**RECORDS TO PROCESS:**
■ ■ ■ ■

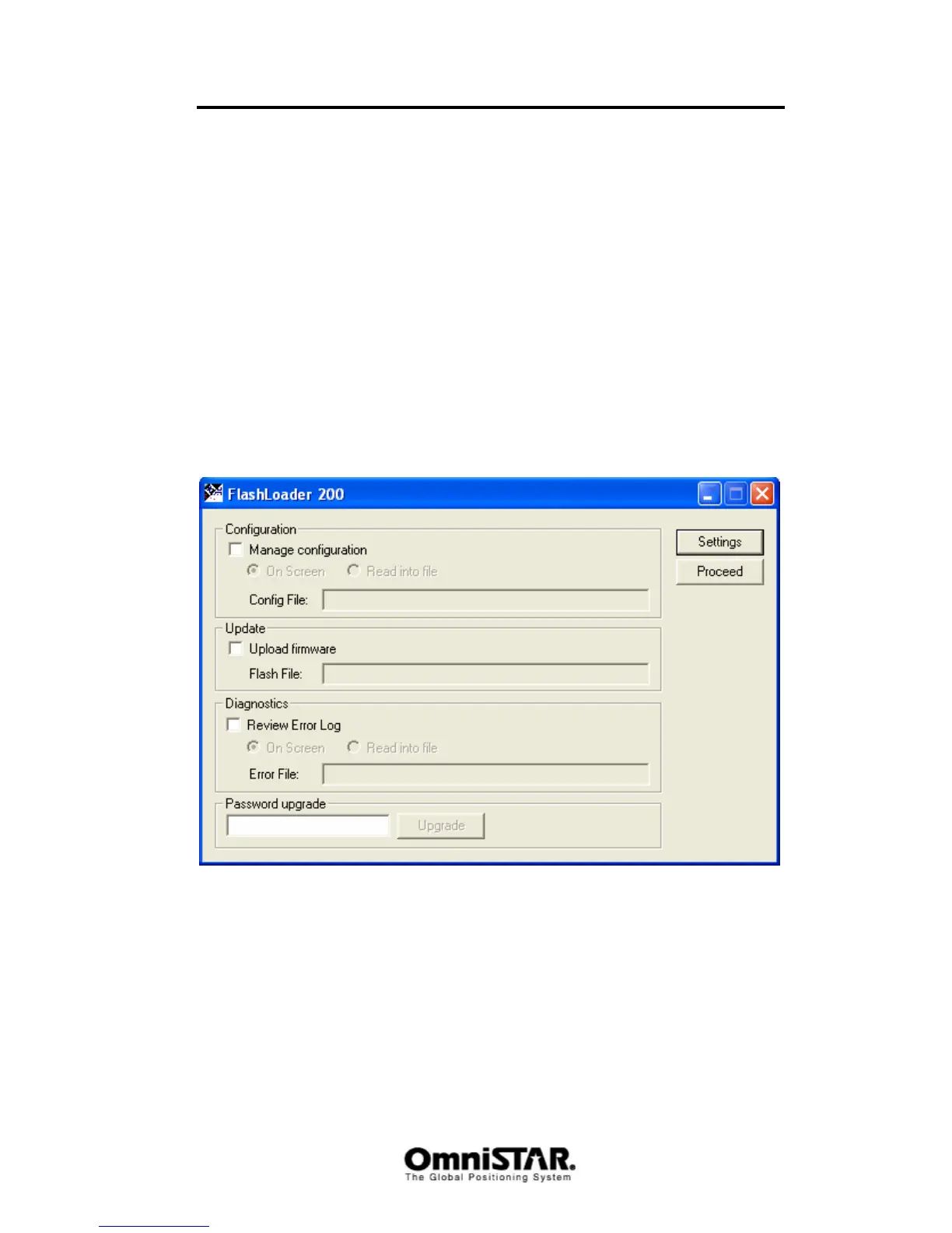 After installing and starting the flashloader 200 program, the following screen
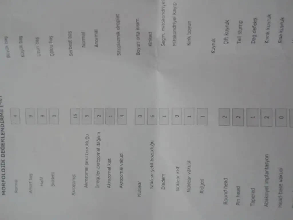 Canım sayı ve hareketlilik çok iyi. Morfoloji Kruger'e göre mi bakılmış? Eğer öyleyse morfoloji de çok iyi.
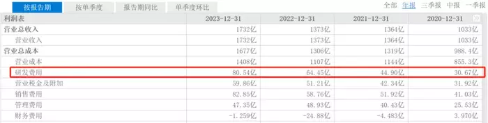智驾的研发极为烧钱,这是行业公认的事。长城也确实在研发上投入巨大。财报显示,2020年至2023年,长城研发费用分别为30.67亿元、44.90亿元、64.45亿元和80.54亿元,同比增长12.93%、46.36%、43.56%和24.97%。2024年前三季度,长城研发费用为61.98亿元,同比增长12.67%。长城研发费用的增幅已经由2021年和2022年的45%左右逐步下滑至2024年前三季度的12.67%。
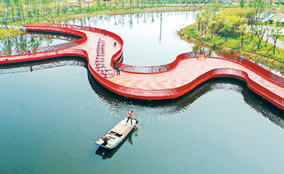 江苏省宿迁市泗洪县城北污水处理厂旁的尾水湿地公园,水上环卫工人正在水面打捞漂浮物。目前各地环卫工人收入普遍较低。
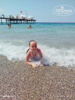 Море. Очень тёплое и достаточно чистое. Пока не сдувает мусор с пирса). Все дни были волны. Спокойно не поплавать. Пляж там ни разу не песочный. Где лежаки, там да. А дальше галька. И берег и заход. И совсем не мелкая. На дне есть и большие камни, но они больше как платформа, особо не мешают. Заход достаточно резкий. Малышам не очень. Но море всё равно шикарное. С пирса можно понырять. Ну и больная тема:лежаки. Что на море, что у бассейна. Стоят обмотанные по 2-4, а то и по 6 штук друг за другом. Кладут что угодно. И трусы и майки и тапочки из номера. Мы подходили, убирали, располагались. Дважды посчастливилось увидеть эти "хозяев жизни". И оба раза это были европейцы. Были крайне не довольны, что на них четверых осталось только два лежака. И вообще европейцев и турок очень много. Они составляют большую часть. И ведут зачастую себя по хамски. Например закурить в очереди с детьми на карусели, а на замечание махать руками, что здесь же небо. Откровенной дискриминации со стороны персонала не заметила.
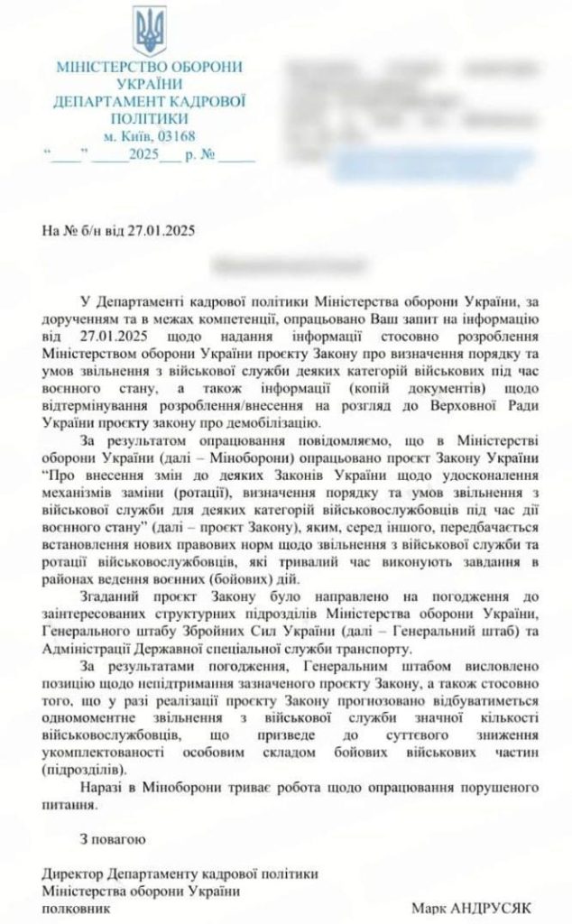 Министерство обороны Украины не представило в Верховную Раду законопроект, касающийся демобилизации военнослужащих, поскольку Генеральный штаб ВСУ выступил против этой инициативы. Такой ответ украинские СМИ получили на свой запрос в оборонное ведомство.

■ ■ ■ ■

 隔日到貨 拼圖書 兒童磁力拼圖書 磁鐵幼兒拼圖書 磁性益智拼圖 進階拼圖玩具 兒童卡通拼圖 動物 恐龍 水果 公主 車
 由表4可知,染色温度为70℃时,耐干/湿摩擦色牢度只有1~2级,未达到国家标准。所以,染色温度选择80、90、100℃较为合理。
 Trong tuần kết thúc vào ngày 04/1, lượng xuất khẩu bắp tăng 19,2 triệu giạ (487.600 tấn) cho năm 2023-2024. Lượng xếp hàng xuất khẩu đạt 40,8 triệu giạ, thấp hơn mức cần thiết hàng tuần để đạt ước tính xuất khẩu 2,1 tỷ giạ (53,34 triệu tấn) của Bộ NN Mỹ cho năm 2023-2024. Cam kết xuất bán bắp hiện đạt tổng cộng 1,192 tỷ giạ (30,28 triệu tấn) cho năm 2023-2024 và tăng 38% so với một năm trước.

■ ■ ■ ■

From the line holding "Canım sayı ve" to the line holding "江苏省宿迁市泗洪县城北污水处", both included, retype the entries above exactly and drop the pictures.

**EXERCISE OUTPUT:**
 Canım sayı ve hareketlilik çok iyi. Morfoloji Kruger'e göre mi bakılmış? Eğer öyleyse morfoloji de çok iyi.
智驾的研发极为烧钱,这是行业公认的事。长城也确实在研发上投入巨大。财报显示,2020年至2023年,长城研发费用分别为30.67亿元、44.90亿元、64.45亿元和80.54亿元,同比增长12.93%、46.36%、43.56%和24.97%。2024年前三季度,长城研发费用为61.98亿元,同比增长12.67%。长城研发费用的增幅已经由2021年和2022年的45%左右逐步下滑至2024年前三季度的12.67%。
 江苏省宿迁市泗洪县城北污水处理厂旁的尾水湿地公园,水上环卫工人正在水面打捞漂浮物。目前各地环卫工人收入普遍较低。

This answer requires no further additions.